[Data entries]
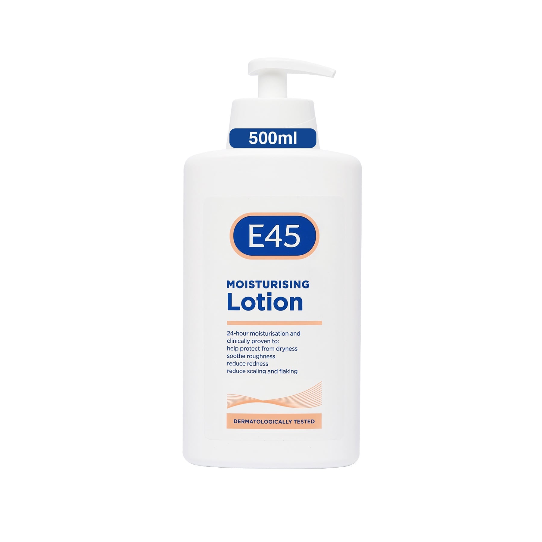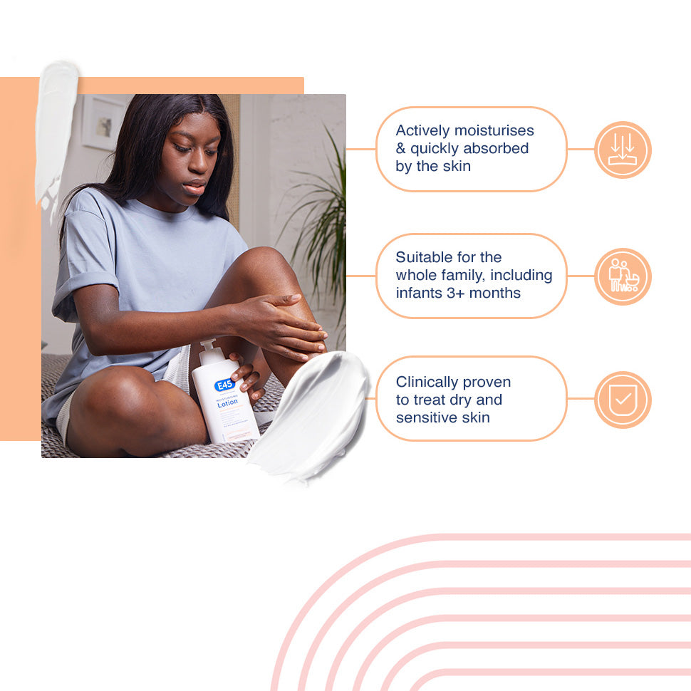 - E45 Moisturising Body Lotion 500ml delivers long-lasting moisture in a family-sized pack for daily use
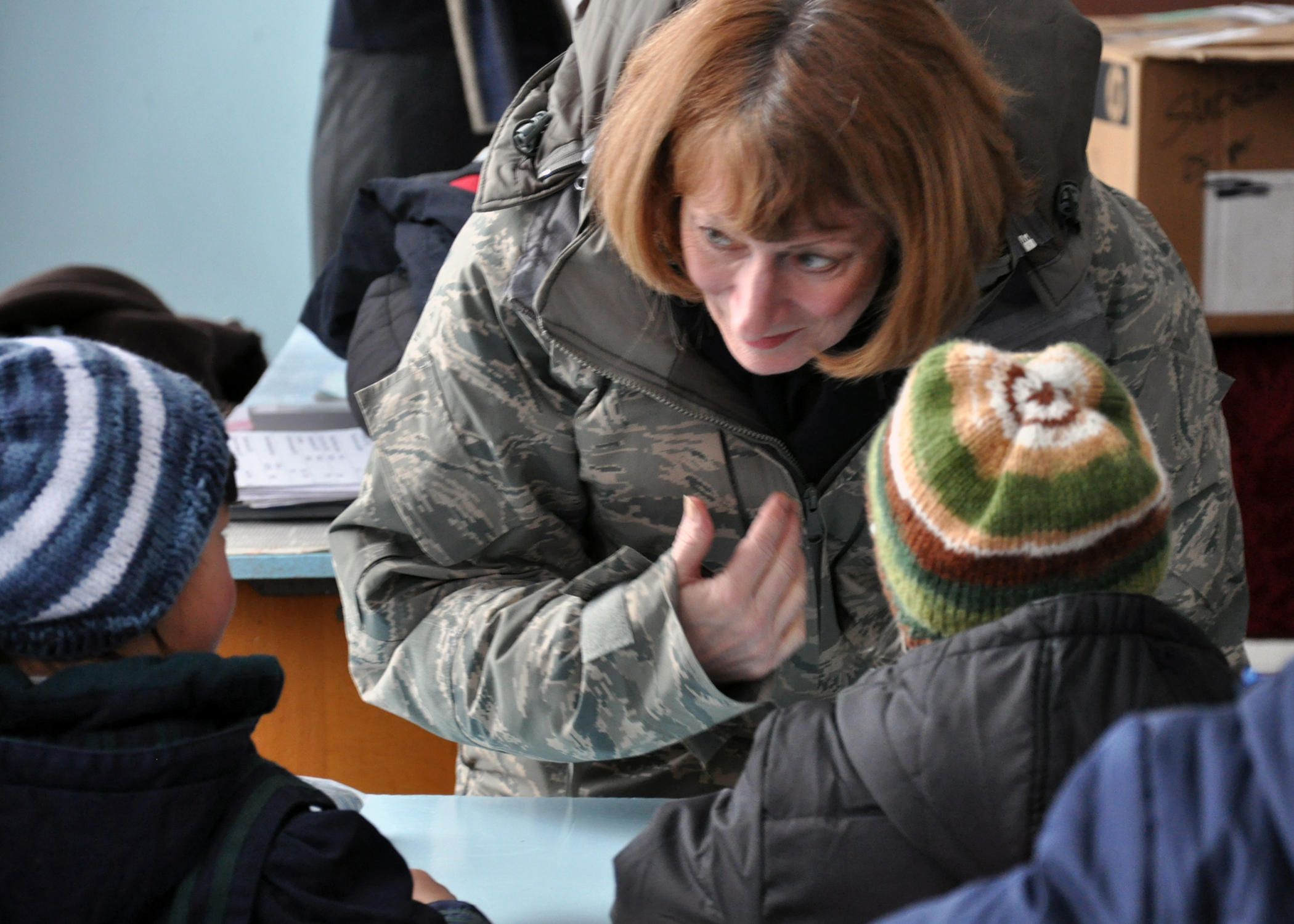 Maj. Gen. David Eichhorn, Commander, Air Force Flight Test Center, Edwards Air Force Base, Calif., and Maj. Gen. Andrew Busch, Commander, Ogden Air Logistics Center, Hill Air Force Base, Utah, hand candy to elementary school children of the Grozd School in Grozd Village, Kyrgyzstan, Feb. 9, 2010. (U.S. Air Force photo/Senior Airman Nichelle Anderson/released)
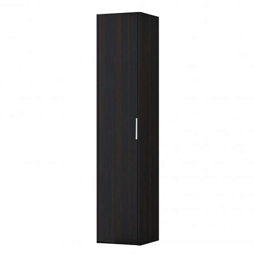 Шкаф - пенал, 350x336x1650 мм, 1 дверца, крепление на петли слева с механизмом мягкого закрывания, внутри одна фиксированная и 4 стеклянные полки, цвет темно-коричневый.
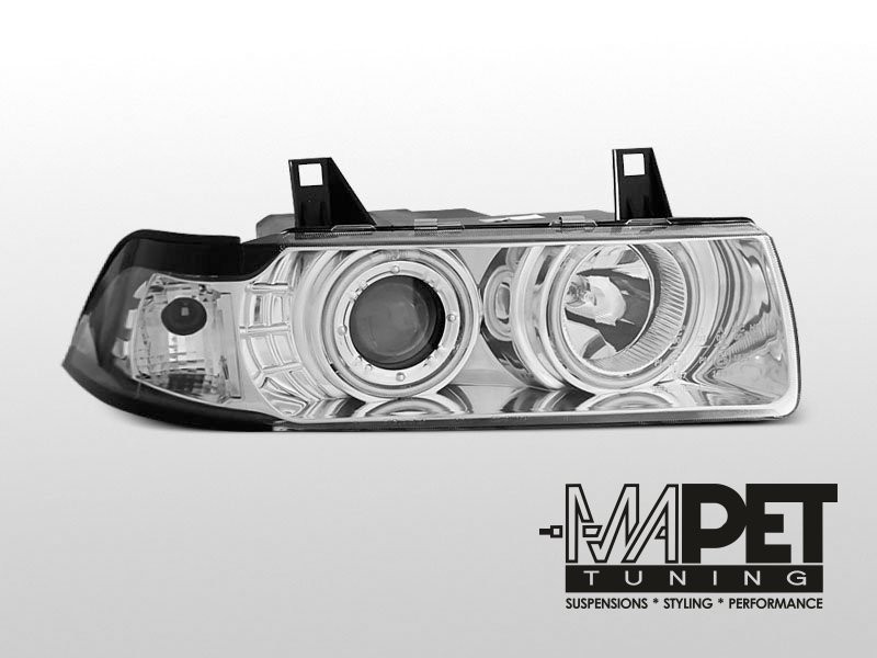 Lampy przednie do: BMW E-36 COUPE / CABRIO - CHROM przezroczyste Angel Eyes z soczewką + Ringi CCFL
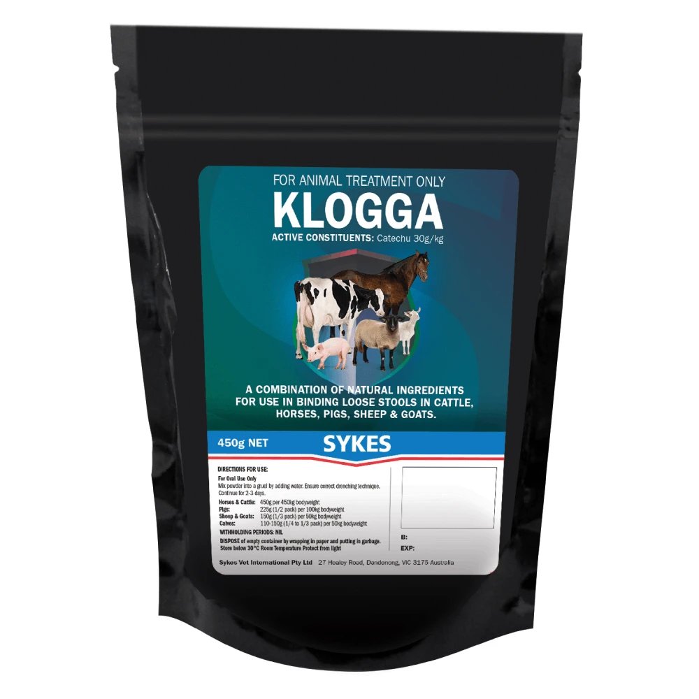 Sykes Klogga Sachet 450g reduces diarrhoea in farm animals including pigs, cattle, sheep and goats.

- _EXERCISE PROMPT_
What you return must match the records above exactly, minus any images.

- _ANSWER TO THIS TASK_
 - E45 Moisturising Body Lotion 500ml delivers long-lasting moisture in a family-sized pack for daily use
 Maj. Gen. David Eichhorn, Commander, Air Force Flight Test Center, Edwards Air Force Base, Calif., and Maj. Gen. Andrew Busch, Commander, Ogden Air Logistics Center, Hill Air Force Base, Utah, hand candy to elementary school children of the Grozd School in Grozd Village, Kyrgyzstan, Feb. 9, 2010. (U.S. Air Force photo/Senior Airman Nichelle Anderson/released)
 Шкаф - пенал, 350x336x1650 мм, 1 дверца, крепление на петли слева с механизмом мягкого закрывания, внутри одна фиксированная и 4 стеклянные полки, цвет темно-коричневый.
 Lampy przednie do: BMW E-36 COUPE / CABRIO - CHROM przezroczyste Angel Eyes z soczewką + Ringi CCFL
 Sykes Klogga Sachet 450g reduces diarrhoea in farm animals including pigs, cattle, sheep and goats.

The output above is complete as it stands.